◆ Provided entries:
============
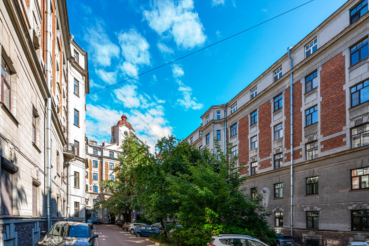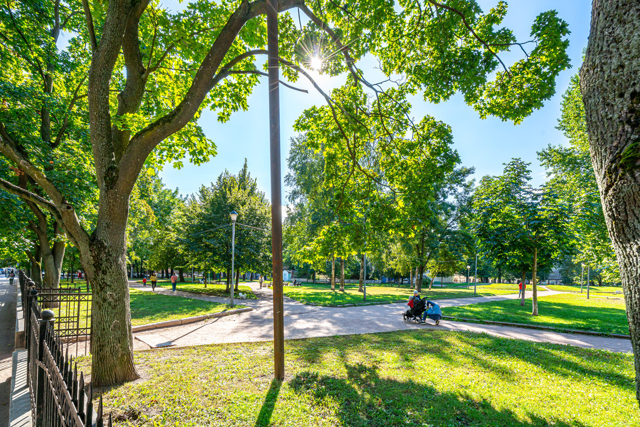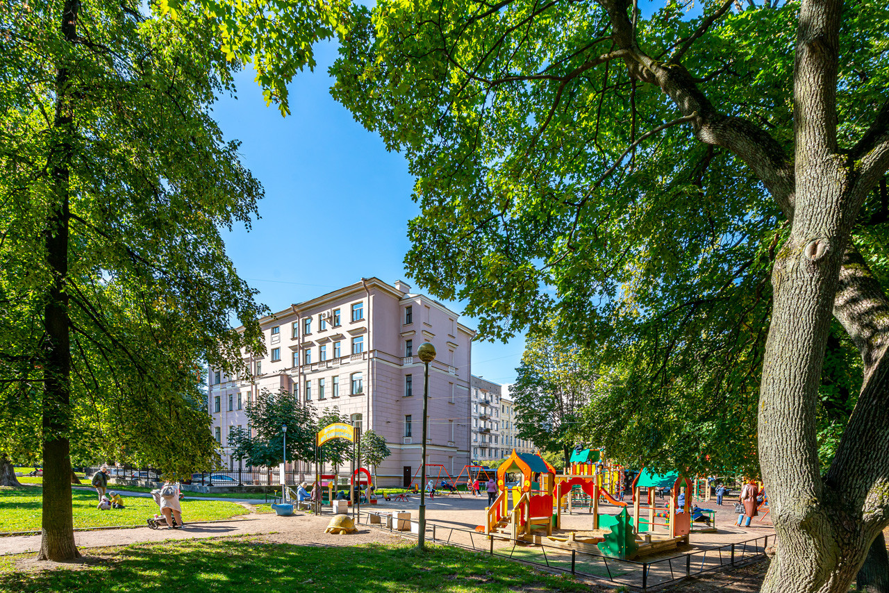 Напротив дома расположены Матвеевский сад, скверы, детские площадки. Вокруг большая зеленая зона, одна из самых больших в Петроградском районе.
============
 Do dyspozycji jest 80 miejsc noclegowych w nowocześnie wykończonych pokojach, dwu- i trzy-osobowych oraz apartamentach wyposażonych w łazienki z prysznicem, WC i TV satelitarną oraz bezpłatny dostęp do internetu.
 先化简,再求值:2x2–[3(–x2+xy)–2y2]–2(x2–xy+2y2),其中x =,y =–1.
============
◆ What is needed: Once you reach the line with "Do dyspozycji jest" in the data above, copy it and every line after it exactly, up to and including the line with "先化简,再求值:2x2–[3(–x2+xy)–2y2]–2(x2–xy+2y2),其中x =,y =–1.".

◆ Result below:
 Do dyspozycji jest 80 miejsc noclegowych w nowocześnie wykończonych pokojach, dwu- i trzy-osobowych oraz apartamentach wyposażonych w łazienki z prysznicem, WC i TV satelitarną oraz bezpłatny dostęp do internetu.
 先化简,再求值:2x2–[3(–x2+xy)–2y2]–2(x2–xy+2y2),其中x =,y =–1.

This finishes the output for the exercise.